- **How to complete this task**: Retype all of the listing exactly, passing over any picture you find.

··· Information supplied

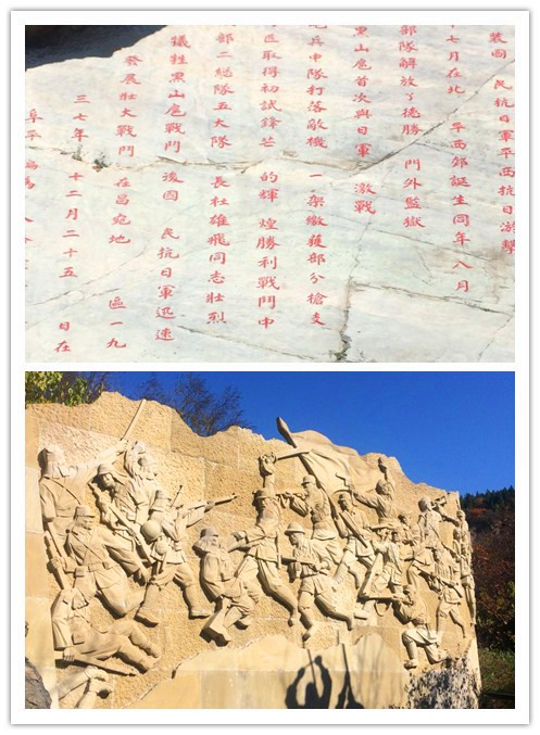 共同找寻当年的历史,了解纪念壁上的内容,瞻仰烈士雕塑,才知珍惜!今朝的红苑硕果是先烈们“用骨肉碰钝了刺刀,鲜血浇灭了烟焰”换来!这些鲜活的革命故事,使得在这里赏红叶又多了一层内涵!
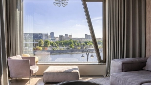 View apartment with premium renovation and large panoramic windows
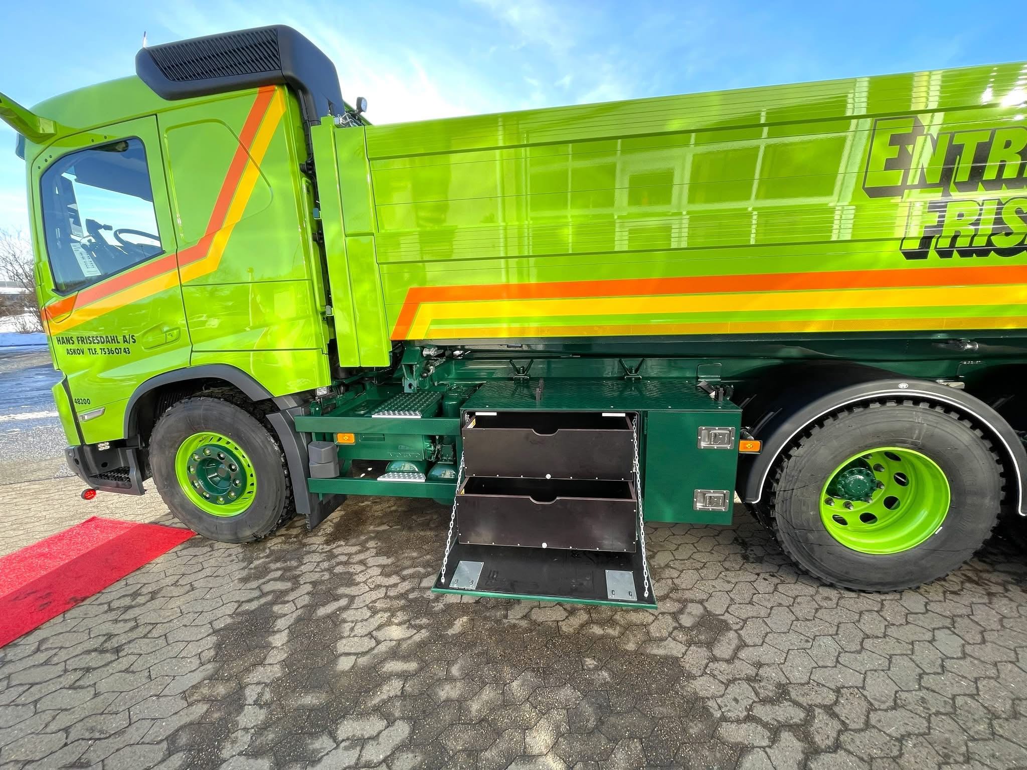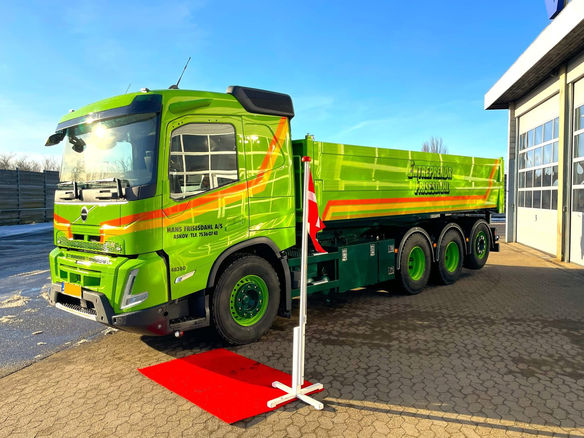 Hans Frisesdahl A/S har netop fået leveret en ny Volvo FMX af Autohuset Vestergaard A/S, Grindsted ved Steffen Andreasen. Der er tale om en Volvo FMX540 8x4 tridemtag med CMS kameraspejle, Sygic truck navigation, Work Remote fjernbetjening, VEB+ motorbremse, I-See typografisk fartpilot, I-Shift gearkasse med anlægssoftware og krybegear og Volvo Connect abonnement. HMF i Galten har opbygget bilen med tip lad og malet hos Mosegaards Autolakering ApS.
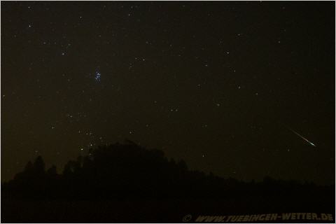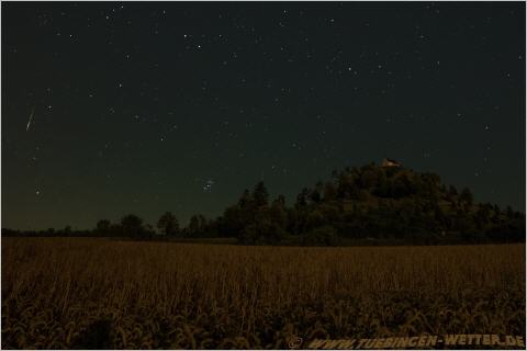 Aber außer Hochsommer hat der August noch etwas besonderes zu bieten, er ist nämlich auch Monat der Perseiden. Für Sternenfreunde eines der Highlights des Jahres, denn es kann in der Nacht zum 12. August der Höhepunkt dieses wiederkehrenden Meteorstroms beobachtet werden. Dieser soll in diesem Jahr besonders viele Meteore oder wie der Volksmund sagt "Sternschnuppen" hervorbringen, nämlich bis zu 150 Stück in der Stunde. Einen Blick in den Nachthimmel die Wochen vor und nach dem 12 August, lohnt sich auf alle Fälle. Hoffen wir also einmal, das die Nächte um den Höhepunkt herum klar bleiben und wir recht viele schöne Meteore beobachten können.

······

- **Response area**:
 共同找寻当年的历史,了解纪念壁上的内容,瞻仰烈士雕塑,才知珍惜!今朝的红苑硕果是先烈们“用骨肉碰钝了刺刀,鲜血浇灭了烟焰”换来!这些鲜活的革命故事,使得在这里赏红叶又多了一层内涵!
 View apartment with premium renovation and large panoramic windows
 Hans Frisesdahl A/S har netop fået leveret en ny Volvo FMX af Autohuset Vestergaard A/S, Grindsted ved Steffen Andreasen. Der er tale om en Volvo FMX540 8x4 tridemtag med CMS kameraspejle, Sygic truck navigation, Work Remote fjernbetjening, VEB+ motorbremse, I-See typografisk fartpilot, I-Shift gearkasse med anlægssoftware og krybegear og Volvo Connect abonnement. HMF i Galten har opbygget bilen med tip lad og malet hos Mosegaards Autolakering ApS.
 Aber außer Hochsommer hat der August noch etwas besonderes zu bieten, er ist nämlich auch Monat der Perseiden. Für Sternenfreunde eines der Highlights des Jahres, denn es kann in der Nacht zum 12. August der Höhepunkt dieses wiederkehrenden Meteorstroms beobachtet werden. Dieser soll in diesem Jahr besonders viele Meteore oder wie der Volksmund sagt "Sternschnuppen" hervorbringen, nämlich bis zu 150 Stück in der Stunde. Einen Blick in den Nachthimmel die Wochen vor und nach dem 12 August, lohnt sich auf alle Fälle. Hoffen wir also einmal, das die Nächte um den Höhepunkt herum klar bleiben und wir recht viele schöne Meteore beobachten können.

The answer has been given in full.